Of 154 patients with IgG4-RD, 14 (9.1%) had IgG4-RKD, 10 (6.5%) had IgG4-RPF, and 4 (2.6%) had both. Patients were aged 58.2 ± 14.2 years, and 26 (92.9%) were male. Creatinine at presentation was worse in those with intrinsic renal disease (229 μmol/l vs. 110 μmol/l; = 0.0076). Serum IgG4 was elevated in the majority of patients (87.5%), and hypocomplementemia was present in half of those with IgG4-RKD. Fifteen patients underwent renal biopsy; tubulointerstitial nephritis with abundant IgG4+ plasma cells was the most common finding (n = 14; 93.3%), and 4 (26.7%) patients had membranous nephropathy. Most patients (89.3%) were treated with corticosteroids, and 4 (16.0%) with additional azathioprine as initial management. Thirteen patients (46.4%) relapsed over 60 ± 48 months of follow-up, at median 18 (12-36) months after renal/RPF diagnosis; 61.5% of relapses were in the kidney. Renal function deteriorated in 5 patients (20.8%), including 2 (8.3%) who reached end-stage renal disease (ESRD).

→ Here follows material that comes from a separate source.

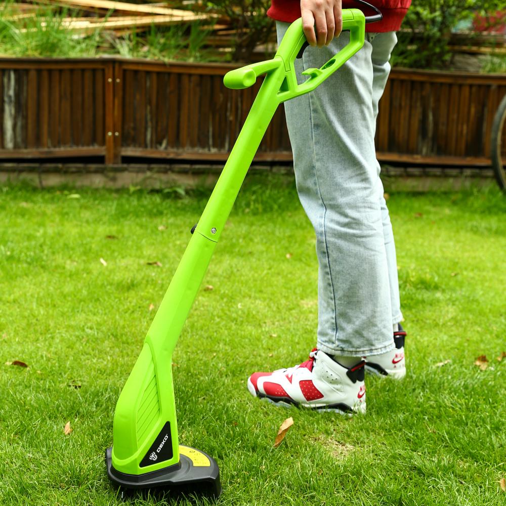 - Триммер садовый электрический DEKO DKTR400 - компактная модель, удобная для скашивания травы в труднодоступных местах, вдоль заборов, клумб, подравнивания газонов, краев садовых дорожек.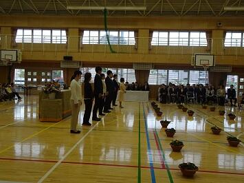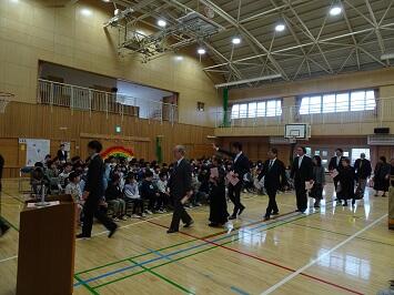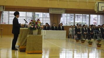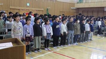 全児童及び教職員が体育館に集まり、恒例の式を行いました。

IgG4-RKD and IgG4-RPF represent major organ manifestations of IgG4-RD, and should be identified early with prompt treatment to prevent progression to ESRD.

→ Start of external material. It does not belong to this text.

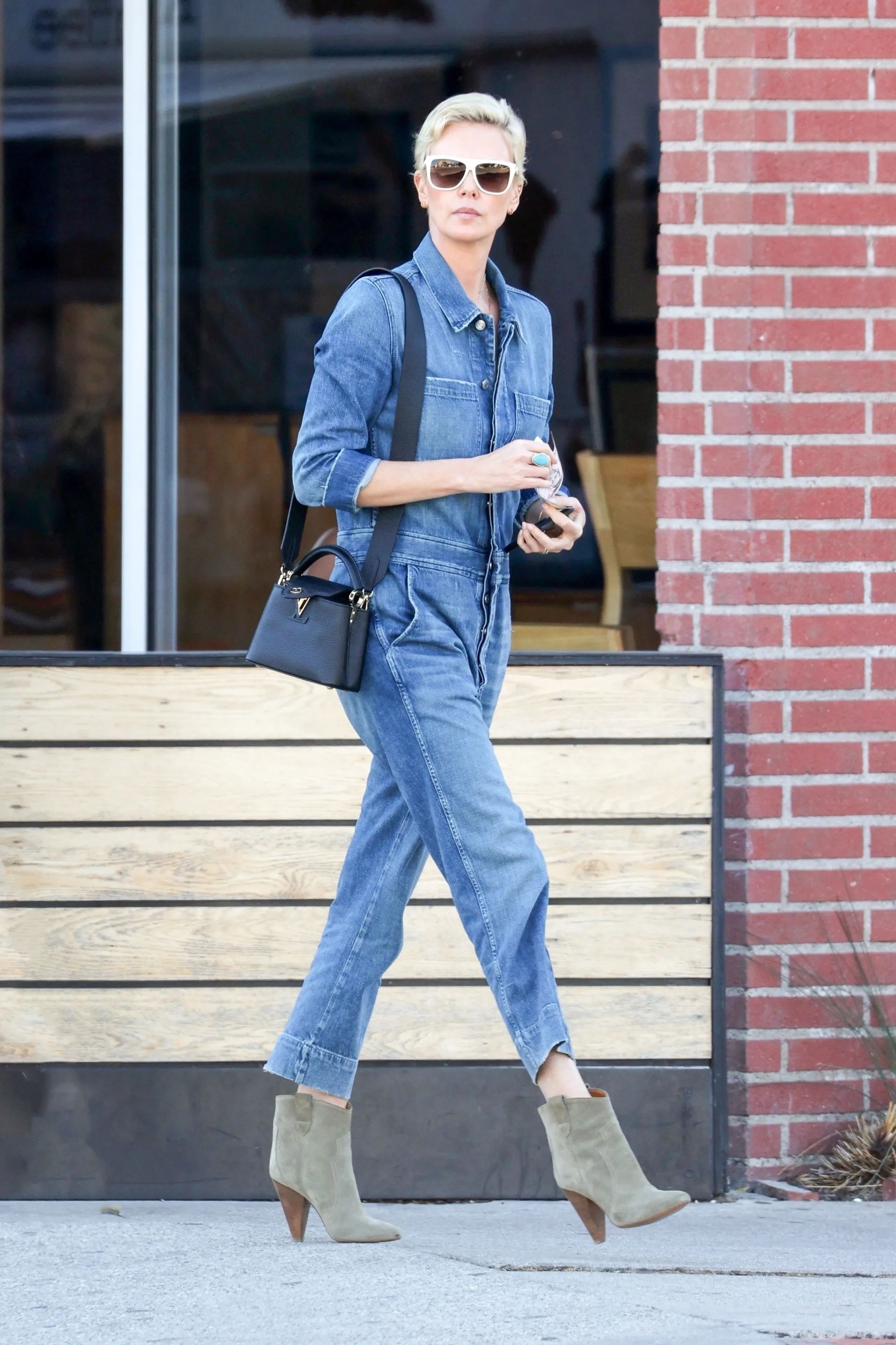 Charlize Theron rocks a denim jumpsuit for lunch at Sugarfish in Los Angeles, CA. on March 3, 2020. The actress pairs a pair of suede booties with her look and completes the ensemble with black shades. (Photo by Backgrid USA)

IgG4相关性疾病(IgG4-RD)是一种复发性多系统纤维炎性疾病,可累及肾脏(IgG4相关性肾病[IgG4-RKD])和腹膜后(IgG4相关性腹膜后纤维化[IgG4-RPF])。本研究旨在描述英国的IgG4-RKD和IgG4-RPF。
我们对一个多中心IgG4-RD队列中的IgG4-RKD和IgG4-RPF患者进行了一项回顾性观察研究。通过查阅病历收集数据。我们描述了基线时的临床参数、组织学和影像学发现、治疗情况及患者预后。

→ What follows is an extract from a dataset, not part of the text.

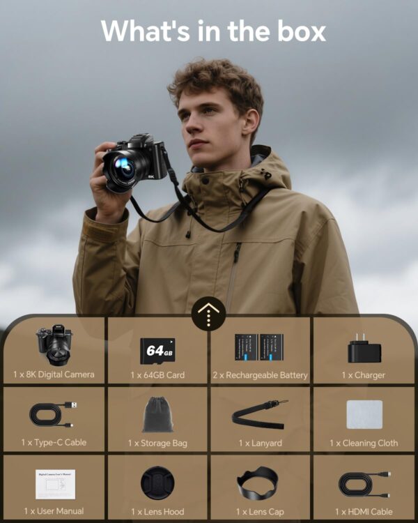 - 【Mode Dial & Exceptional Service】Backed by 12 months hassle-free promise- refund and replacement. Your creativity deserves peace of mind. Unlock creativity with 8 modes: Smart Auto, Portrait, Scenery, Slow Motion, Time-Lapse, and more. The mode dial makes switching effortlessly—ideal for beginners and hobbyists. Packaged in a sleek gift-ready box, this 8k digital camera is ideal for teens, travelers, or anyone starting their cameras for photography journey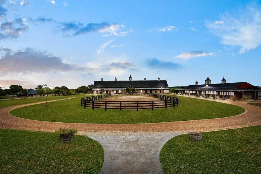 A spectacular world-class equestrian facility, perfect for training virtually any equine discipline. Located just north of the DFW Metroplex in Bartonville, Texas. This property is situated on approximately 100 acres in the heart of North Texas horse country and is only 20 minutes from DFW airport. This stunning, French Normandy style horse farm was originally built in 2001 as an English dressage training and breeding facility and is currently a cutting horse training operation. Constructed with the utmost quality in design and craftsmanship, this is truly an extraordinary property with multiple residences. The sellers have made many renovations to the property since their ownership. The show barn was designed with Normandy-style cathedral ceilings and has 20 stalls, two climate controlled tack rooms, two large, tiled wash racks, laundry room, conference room and full bath...

在154例IgG4-RD患者中,14例(9.1%)患有IgG4-RKD,10例(6.5%)患有IgG4-RPF,4例(2.6%)两者均有。患者年龄为58.2±14.2岁,26例(92.9%)为男性。原发性肾病患者就诊时的肌酐水平更高(229μmol/l对110μmol/l;P = 0.0076)。大多数患者(87.5%)血清IgG4升高,IgG4-RKD患者中有一半存在低补体血症。15例患者接受了肾活检;最常见的发现是伴有大量IgG4+浆细胞的肾小管间质性肾炎(n = 14;93.3%),4例(26.7%)患者患有膜性肾病。大多数患者(89.